Been digging through forums and google and come up with possible bad RAM issues but it's ECC RAM.

Possible left over routes from VMs and Dockers. Easy to remote but can't see that doing it.

Takes about 6 days to blow up. Currently rebooting on day 4.

 

There is a record of a boot where the two pools tried mounting to the same mount point. Ignore that, it got fixed.
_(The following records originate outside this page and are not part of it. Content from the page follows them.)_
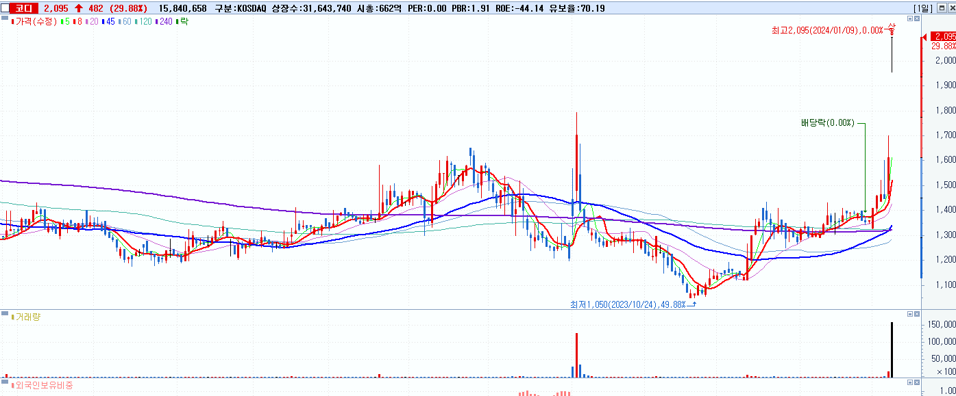 - 코디 (2,095원 ▲ 29.88% , 시총: 663억, 거래량: 15,840,673, 거래대금:329억)
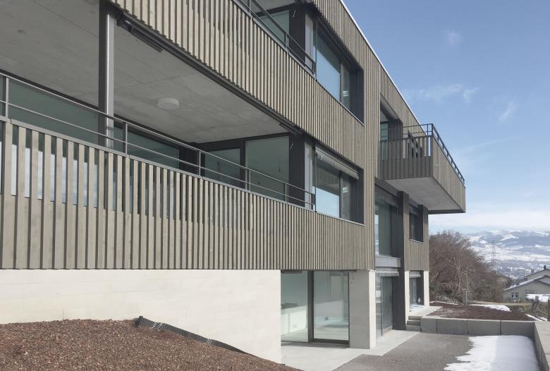 So entstanden zwei Häuser mit je fünf Wohnungen und einer gemeinsam genutzten Parkgarage. Die grosse Qualität an dieser Hanlage ist die grossartige Aussicht, von der jede Wohnung profitiert. Die Gestaltung von Erschliessung und Parkierung ist hingegen – lagebedingt – als anspruchsvoll zu bezeichnen. Das eine Wohnhaus ist von der unteren Zufahrtsstrasse her erschlossen, während andere Haus von der oberen, hangseitigen Strasse erreicht wird. Über eine Promenade Architecturale werden sie miteinadner verbunden, so dass man trockenen Fusses - ohne Treppen laufen zu müssen – von der Einstellhalle des unteren Hauses bis in die Attikawohnung des oberen Hauses gelangt. Die Mietwohnungen sind klassisch geschnitten und zwischen 100 und 150 Quadratmeter gross. Damit man von jedem Zimmer aus die See- oder Bergsicht genissen kann, wurde der Erschliessungskern an die Nord- und Hangseite gelegt. Etwas Besonderes sind die grosszügigen Terrassen, welche jeweils um die ganze Wohnung herumführen und über welche praktisch jede Wohnung einen direkten Gartenzugang erhält – ein weiterer Vorteil der Hanglage.
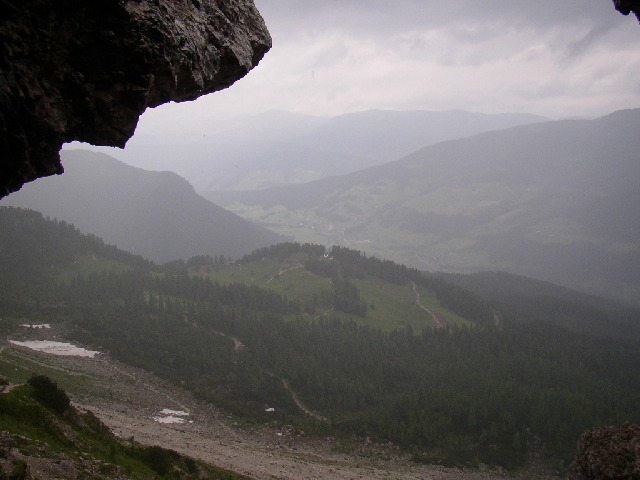 Wenn es mal ein wenig aufreißt, hat man aus unserer Höhle einen schönen Blick über die Rotwandwiesen nach Sexten hinunter.
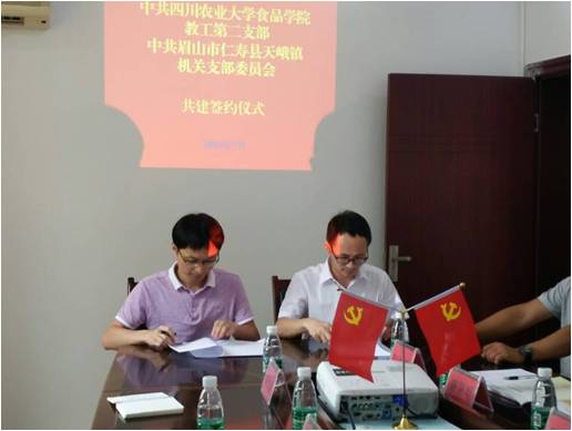 为贯彻习近平总书记关于基层党建工作系列重要讲话精神,进一步加强基层党组织建设,探索党员互动、活动互联的良性互动模式。7月10日,食品学院党委书记王莉、副院长副书记张志清、第二教职工党支部书记陈洪和教师党员代表胡欣洁一行4人前往眉山市仁寿县天峨镇,签订了食品学院第二教工党支部与天峨镇机关支部结对共建的协议。

Another Kernel panic at Feb 24th 17:24 but it doesn't repeat. System stable from this point on.

 

Thanks in advance.

 

syslog

Edited by Holmesware

Can you also post your diagnostics so the task lists etc can be put into perspective.

  • Author

This is the issue I'm having, 1 cpu pegged at 100%, wdss is the process, this goes on until the kernel start panicing or running out of memory.

Trying the restart script at the end of the thread and will report back.

 

https://forums.unraid.net/topic/85073-wsdd-100-using-1-core/page/2/

 

EDIT: Script did not reset the 100% cpu usage. Disabled WDS. Kept script running for now.

Edited by Holmesware

  • Author

Finally found this, looks like I got a bad stick of RAM.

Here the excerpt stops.